All lines below must be repeated exactly, with the pictures omitted.

§ Given information
━━━━━━━━━━

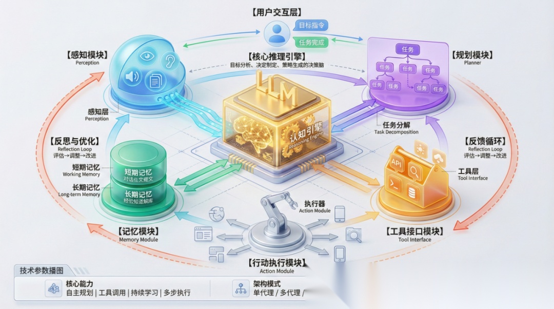 Agentic AI 工作循环感知环境Perceive推理决策Reason执行动作Act观察反馈Observe最小化人工干预的自主决策循环
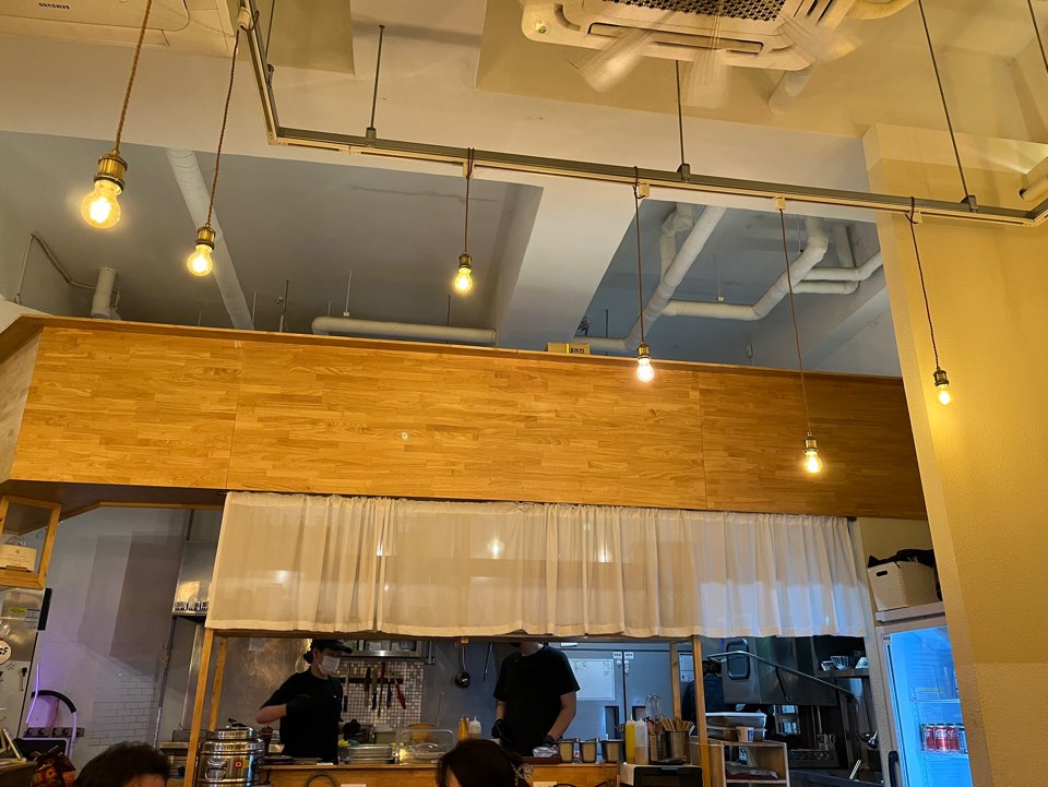 오픈형 주방으로 안에서 음식하는 모습이 보인다.
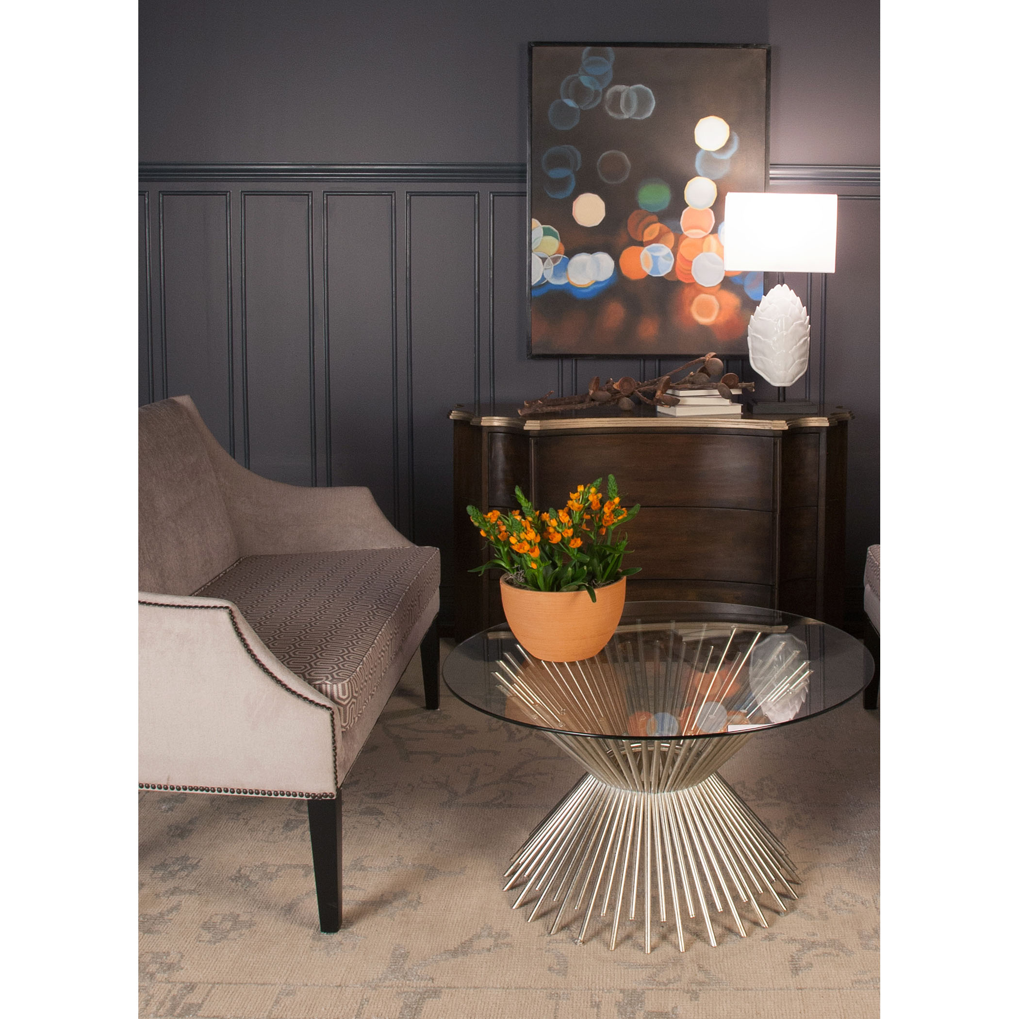 Utterly unique and always bold, Machine Age - Art Deco design stories mean the flawless synthesis of the lavishness, optimism and sturdiness distinctive to history's bourgeoning industrial epoch. Our beautifully handcrafted Brussels Coffee Table blends the hallmark exuberance of the Deco Lightburst motif with a gorgeous Champagne Gold color story and durable metal with tempered glass construction.

━━━━━━━━━━

§ Result below
 Agentic AI 工作循环感知环境Perceive推理决策Reason执行动作Act观察反馈Observe最小化人工干预的自主决策循环
 오픈형 주방으로 안에서 음식하는 모습이 보인다.
 Utterly unique and always bold, Machine Age - Art Deco design stories mean the flawless synthesis of the lavishness, optimism and sturdiness distinctive to history's bourgeoning industrial epoch. Our beautifully handcrafted Brussels Coffee Table blends the hallmark exuberance of the Deco Lightburst motif with a gorgeous Champagne Gold color story and durable metal with tempered glass construction.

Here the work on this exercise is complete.